Beckoning cats at San Francisco Int’l Airport

A new exhibition from the SFO Museum at San Francisco International Airport features a wide variety of maneki neko – those beckoning cat figurines we see today in the windows of Japanese and Chinese restaurants, inviting customers to step inside.

From the exhibition, we learn that the tradition of making beckoning cat figures dates back to the late Edo period (1615-1868) and through the years these auspicious objects have been made in ceramic, plaster, copper, bronze, wood, stone and iron.

In many cases, you’ll see the cat holding up its left paw in an effort to bring luck and good fortune to a business. Sometimes the right paw is raised – which is meant to invite good fortune, health and happiness into a home.

The colors of the beckoning cats also have meaning: white represents happiness and satisfaction; black symbolizes safety and is a way to drive away evil; and gold symbolizes money and fortune.

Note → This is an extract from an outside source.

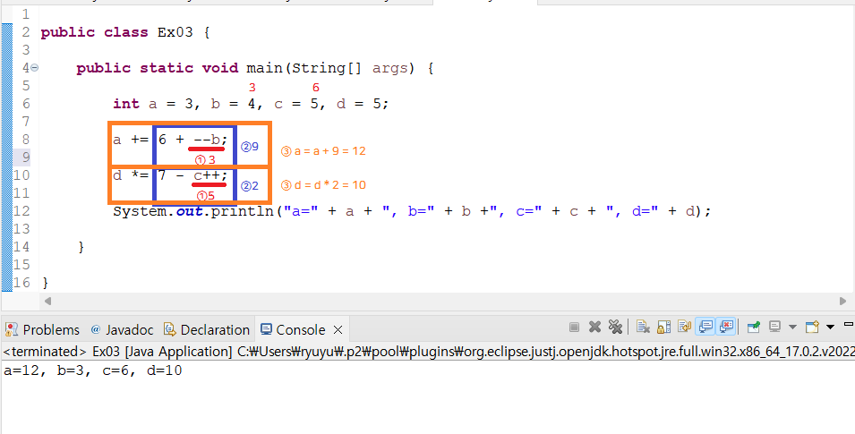 증감연산자와 대입연산자 예제

The bibs on many maneki neko also hold meaning and are often painted with coins and other traditional symbols of luck and fortune.


Maneki Neko: Japan’s Beckoning Cats is located post-security in Terminal 2, on the Departures Level of San Francisco International Airport through August 26, 2018. All the maneki neko are from the collection of the Mingei International Museum of San Diego. And all the photos here are courtesy of the SFO Museum.